CK may also be requested in those who develop symptoms or signs of rhabdomyolysis
- after being immobile for a long time on a hard surface, for example during an operation or after a stroke, drugs or alcohol
- following very severe exercise
- after a fit
- during a severe infection
- while taking certain medicines, for example a statin to lower cholesterol
Rhabdomyolysis is likely if the urine develops a reddish-brown colour and gives a positive dip-stick test for blood. (Myoglobin, a red protein released from damaged muscle, reacts with the dip-stick in the same way as haemoglobin from blood cells.) The excretion of myoglobin by the kidney can potentially cause kidney failure.
Blood concentrations of CK (or its CK-MM isoenzyme) are also requested as a first step in the diagnosis of muscular dystrophy in infants or children who
- have difficulty walking
- have difficulty standing
- have difficulty lifting weights
- need help climbing stairs
The test may subsequently be used to screen family members.

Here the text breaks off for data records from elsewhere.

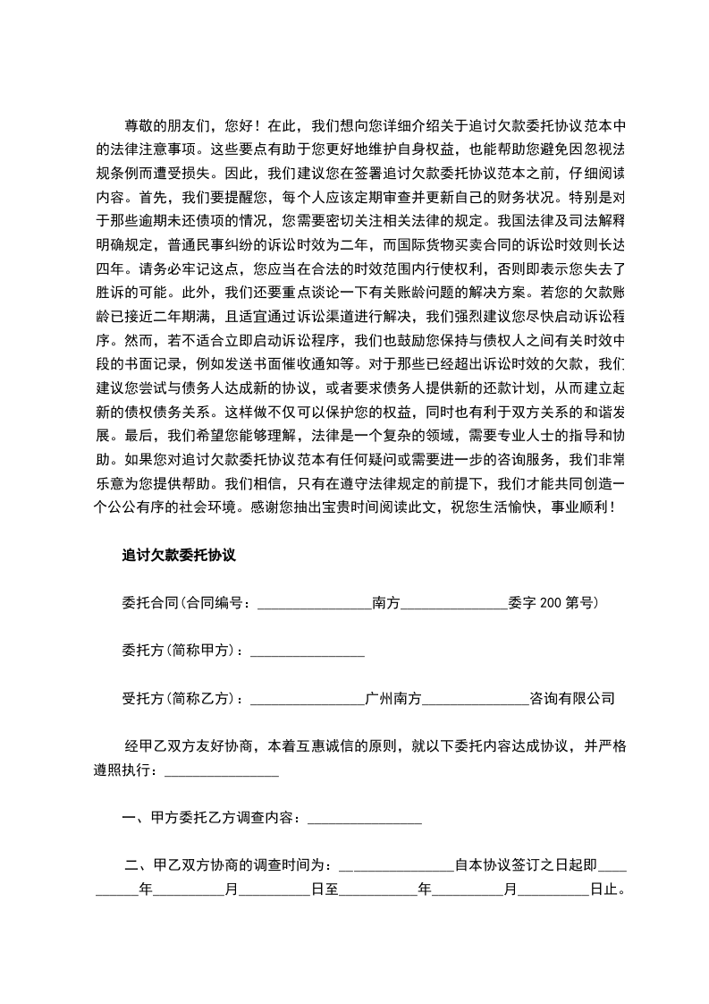 4、在对债务人的追讨中,如需采取法律措施如仲裁或诉讼时,被委托人应与委托人协商,共同采取相应的法律行动;
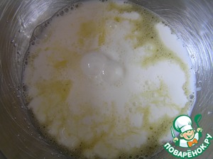 Яйцо немного взбить с сахаром и солью, влить молоко, перемешать.
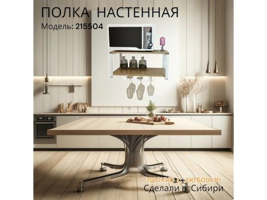Полка c тремя бокалодержателями для микроволновки "SVCH 215504" 60х30см, белая, дуб сонома
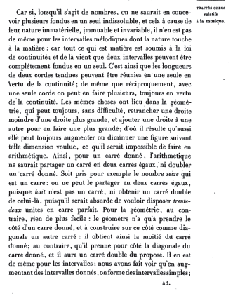 Car si, lorsqu’il s’agit de nombres, on ne saurait en concevoir plusieurs fondus en un seul indissoluble, et cela à cause de la musique, leur nature immatérielle, immuable et invariable, il n’en est pas de même pour les intervalles mélodiques dont la nature touche à la matière: car tout ce qui est matière est soumis à la loi de continuité; et de là vient que deux intervalles peuvent être complètement fondus en un seul. C’est ainsi que les longueurs de deux cordes tendues peuvent être réunies en une seule en vertu de la continuité; de même que réciproquement, avec une seule corde on peut en faire plusieurs, toujours en vertu de la continuité. Les mêmes choses ont lieu dans la géométrie, qui peut toujours, sans difficulté, retrancher une droite moindre d’une droite plus grande, et ajouter une droite à une autre pour en faire une plus grande; d’où il résulte qu’aussi elle peut toujours augmenter ou diminuer une figure suivant telle dimension voulue, ce qu’il serait impossible de faire en arithmétique. Ainsi, pour un carré donné, l’arithmétique ne saurait partager un carré en deux carrés égaux, ni doubler un carré donné. Soit pris pour exemple le nombre seize qui est un carré: on ne peut le partager en deux carrés égaux, puisque huit n’est pas un carré, ni obtenir un carré double de celui-là, puisqu’il serait absurde de vouloir disposer trente-deux unités en carré parfait. Pour la géométrie, au contraire, rien de plus facile : le géomètre n’a qu’à prendre le côté d’un carré donné, et à construire sur ce côté comme diagonale un autre carré : il obtient ainsi la moitié du carré donné; au contraire, qu’il prenne pour côté la diagonale du carré donné, et il aura un carré double du proposé. Il en est de même pour les intervalles: nous avons fait voir qu’en augmentant des intervalles donnés, on forme des intervalles simples; et nous avons expliqué pourquoi ils sont simples: c’en est assez sur ce point relatif à la musique.
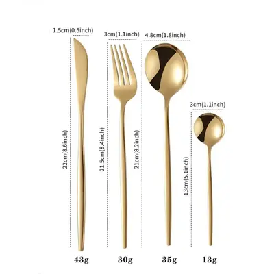 Хэмжээ: тус бүрийн хэмжээг зурган дээрээс харна уу \Том халбага-6 ширхэг, Жижиг халбага-6 ширхэг, Сэрээ-6 ширхэг, Маслоны хутга-6 ширхэг\

What does the test result mean?
A high CK concentration, or a result that goes up from the first to a second or later samples, generally indicates that there has been some recent muscle damage. Serial test results that peak and then begin to drop indicate that new muscle damage has diminished, while increasing and persistent elevations suggest continuing damage.
Is there anything else I should know?
Total CK is no longer requested in people with chest pain who are suspected of having had a heart attack. It was superseded first by one of its isoenzymes, CK-MB, which is more specific for heart muscle damage, and more recently by cardiac troponin. Troponin is highly specific, is more sensitive than CK-MB and remains raised much longer after a heart attack.
People who have greater muscle mass have higher normal CK levels. For example, a young fit male will have more muscle mass than an elderly female and hence a higher CK concentration. Normal exercise such as running or cycling and drug injections into muscle can increase CK concentrations.
How does the myoglobin that is released from muscle with CK during rhabdomyolysis produce renal failure?
Are any other lab tests needed?
Do all patients with muscular dystrophy have raised plasma CK values?
No, there are many different types of muscular dystrophy, some without raised CKs. However, if a patient and family members do have raised values, the CK test can avoid the need for muscle biopsy to carry out genetic tests.